Error on “Tutorial – Small Language Models (SLM)”
Issue Overview
Users are encountering a subprocess.CalledProcessError when following the tutorial for Small Language Models (SLM) on the Nvidia Jetson Orin Nano Developer Kit (8GB) with a 128GB SD card. The error occurs during the execution of a command intended to run a model, leading to screen freezing for several minutes before the error is displayed. The specific command causing the issue is:
jetson-containers run $(autotag nano_llm) \
python3 -m nano_llm.chat --api=mlc \
--model princeton-nlp/Sheared-LLaMA-2.7B-ShareGPT
The error log indicates that the process was killed due to an Out of Memory (OOM) condition, as suggested by the SIGKILL signal. This suggests that the model being loaded is exceeding the available memory resources of the device, which has only 8GB of shared RAM. The issue appears to be consistent across multiple users, indicating a potential limitation in memory handling when executing large models.
Possible Causes
-
Hardware Limitations: The Jetson Orin Nano has limited RAM (8GB), which may not be sufficient for running large models like Sheared-LLaMA-2.7B, particularly when additional memory is required for processing.
-
Out of Memory (OOM) Killer: The OOM killer in Linux terminates processes when the system runs out of memory. This is likely what triggered the subprocess.CalledProcessError.
-
Configuration Errors: Incorrect command-line parameters or environment settings could exacerbate memory usage.
-
Software Bugs: Potential bugs in the software stack related to Docker or the specific libraries being used could lead to inefficient memory usage.
-
Driver Issues: Incompatibilities or bugs in GPU drivers might affect how memory is allocated and managed during execution.
-
User Errors: Misconfiguration in setting up Docker containers or running commands without appropriate flags could lead to excessive memory consumption.
Troubleshooting Steps, Solutions & Fixes
-
Check Available Memory:
- Use the command
free -h
to check current memory usage and availability before running the model.
- Use the command
-
Increase Swap Space:
- If not already done, increase swap space to help mitigate memory limitations:
sudo fallocate -l 16G /swapfile sudo chmod 600 /swapfile sudo mkswap /swapfile sudo swapon /swapfile
- This creates a swap file of 16GB which can be adjusted based on available storage.

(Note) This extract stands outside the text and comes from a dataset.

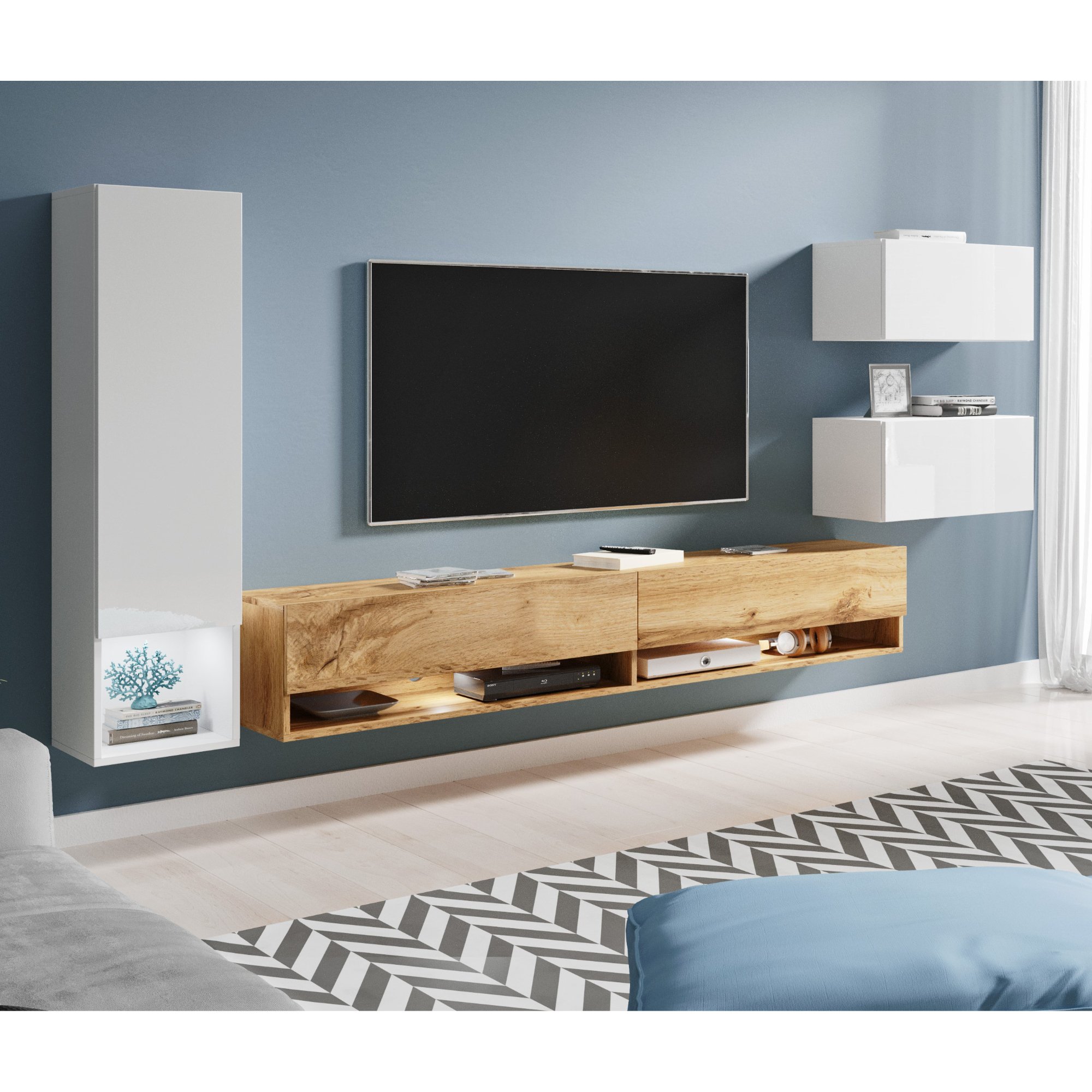 Súčasťou tejto zostavy sú 2 skrinky s výklopnými dvierkami, 1 skrinka s otočnými dvierkami a TV komoda. TV komoda disponuje 2 otvormi na kabeláž a ponúka dostatok priestoru na uloženie TV príslušenstva a ďalších potrebných predmetov. Skrinka s otočnými dvierkami je vybavená 4 vloženými policami, ktoré vám umožnia prehľadne si usporiadať všetky veci, ktoré sa rozhodnete do nej umiestniť. Skrinky s výklopnými dvierkami sú zasa ideálne na uloženie drobností.

- If not already done, increase swap space to help mitigate memory limitations:
-
Disable ZRAM:
- Disable ZRAM if it is enabled, as it might conflict with swap settings:
sudo systemctl stop zram-config.service
- Disable ZRAM if it is enabled, as it might conflict with swap settings:
-
Run Without Desktop UI:
- If applicable, disable any graphical user interface (GUI) to free up additional RAM resources.
-
Modify Command-Line Parameters:
- Reduce memory usage by adjusting command parameters:
--max-context-len=512
- This change can help lower the amount of memory required for processing.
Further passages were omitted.